La partie requérante est rendue attentive au fait qu’elle devra rembourser les frais et l’indemnité provisoirement pris en charge par l’Etat dès qu’elle sera en mesure de le faire (art. 122 al. 1 et 123 CPC, applicables par renvoi de l’art. 18 al. 5 LPA-VD).

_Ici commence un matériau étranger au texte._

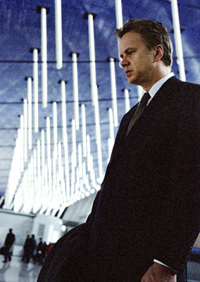 It's the future, and the melting pot theory is now reality. Civilization seems to exist in two regions; in sealed mega cities requiring permission to enter, and the 'outside.' English is the predominant language, but sprinkled throughout are snippets of others like Spanish and Mandarin (which leads to some truly clunky dialogue). Cloning and in vitro fertilization are part of the norm, which resulted in the creation of Code 46, the law that states that anybody who shares 100%, 50%, or 25% similar genetic materials may not mate. Code 46 is Michael Winterbottom's view of the future. This is science fiction at its more abstract; a movie about ideas, not necessarily about aliens and robots. The problem is that Code 46 is pretty dull. Most of this comes from the performance of its two stars, Tim Robbins and Samantha Morton. Both are gifted actors, but nearly everything here is done in a dry monotone. Robbins (Anchorman, Mystic River) is William works for a large corporation, investigating instances of identity fraud. In order to gain entrance into these large cities, people need approved 'papelles,' doled out or withheld for specific reasons. William is in Shanghai, looking into a factory where somebody is printing fake papelles. He took an empathy virus, which, in essence, allows him to read the minds of people if they tell him something about them. From his interviews, he realizes that Maria (Morton, In America, Minority Report) is the culprit. Yet, something draws her to him, and he fails to turn her in. Instead, he begins a pretty boring affair with her. Winterbottom (24 Hour Party People, The Claim) and screenwriter Frank Cottrell Boyce (24 Hour Party People, The Claim) never make clear to the viewer why William feels the way he does towards Maria. What is it about her that would make this straight-laced company man give up everything he believes in? She seems pretty ordinary is most aspects, aside from the fact that she counterfeits identity papers for strangers. Both are lacking in the personality department. It feels like Winterbottom and Boyce wanted to make a movie about free will, and used the idea of Code 46 as a backdrop for their ideas on love and free will. It turns out that William and Maria are in violation of Code 46, which sets off a chain of events that are just as boring as they are. Despite attempts by everybody to keep them apart, William tries as hard as he can to make his way to Maria. His love for her is strong enough that he is willing to violate legal and societal norms to be with her. The depth of the story never really goes beyond this. Winterbottom doesn't really explore the ramifications of their relationship, or anything beyond the fact that they love each other. Code 46 feels like a first draft of a film, where the basic shell of a story is laid out, but still needs a lot of work. The one really nice aspect of this movie is that Winterbottom cast his film internationally, with many familiar faces and highly esteemed foreign (especially Asian and Indian) actors taking some small roles. So while Winterbottom's future may be multinational, it's not that exciting. |
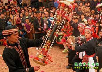 仗鼓舞是張家界市桑植縣白族獨(dú)有的一種民族舞蹈。 仗鼓舞以“仗鼓”作道具,與朝鮮族鼓舞有異曲同工之妙。 鼓長1.2米,兩頭大如碗口, 用皮革繃面, 中細(xì)可握,形如木杵。相傳南宋末天寶年間,有谷、王、鐘三姓兄弟在蒙將兀良合臺“寸白軍”服役,后“寸白軍”被遣散,三人即從云南大理流落至桑植定居。某年臘月,白族兄弟們正在打糍粑準(zhǔn)備過年,一幫官兵突然圍寨抓人,白族人即用粑粑杵奮起反擊,將官兵打敗,白族人為慶賀這一仗的勝利,就以木杵作道具跳舞作樂,這便是仗鼓舞的由來。后來,白族人將粑粑杵改成鼓,配以笛子、嗩吶、大號和鑼、鈸、罄等鳴樂伴奏,同時創(chuàng)造了八十一套舞蹈動作,成為一種獨(dú)具風(fēng)格的民間舞蹈。
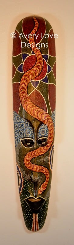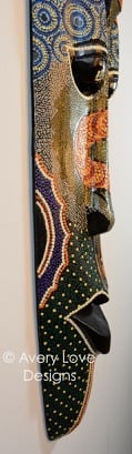 This breathtaking, genuine Indonesian mask is hand-crafted first by carving, then a syringe is used to painstakingly place tiny droplets of paint in a pattern on the mask. Each droplet creates a raised bump of incredible color and texture.

Les modalités de ce remboursement sont fixées par la Direction du recouvrement de la Direction générale des affaires institutionnelles et des communes (auparavant : le Service juridique et législatif ; art. 5 RAJ).
Par ces motifs, la Cour des assurances sociales prononce :
I. La demande de révision formée par W.________ le 16 septembre 2023 est rejetée.
II. Les frais judiciaires, arrêtés à 600 fr. (six cents francs), sont provisoirement laissés à la charge de l’Etat.
III. Il n’est pas alloué de dépens.
IV. L’indemnité d’office de Me Etienne Patrocle, conseil du requérant, est arrêtée à 3’344 fr. 60 (trois mille trois cent quarante-quatre francs et soixante centimes), débours et TVA compris.
V. Le bénéficiaire de l’assistance judiciaire est, dans la mesure de l’art. 123 CPC, applicable par renvoi de l’art. 18 al. 5 LPA-VD, tenu au remboursement des frais judiciaires et de l’indemnité d’office provisoirement mis à la charge de l’Etat.
La présidente : La greffière :
Du
L'arrêt qui précède, dont la rédaction a été approuvée à huis clos, est notifié à :
Office fédéral des assurances sociales,
par l'envoi de photocopies.
Copie du présent jugement est également adressée pour information à :
Tribunal fédéral, IIIe Cour de droit public (cause 9C_327/2023).
Le présent jugement peut faire l'objet d'un recours en matière de droit public devant le Tribunal fédéral au sens des art. 82 ss LTF (loi du 17 juin 2005 sur le Tribunal fédéral ; RS 173.110), cas échéant d'un recours constitutionnel subsidiaire au sens des art. 113 ss LTF. Ces recours doivent être déposés devant le Tribunal fédéral (Schweizerhofquai 6, 6004 Lucerne) dans les trente jours qui suivent la présente notification (art. 100 al. 1 LTF).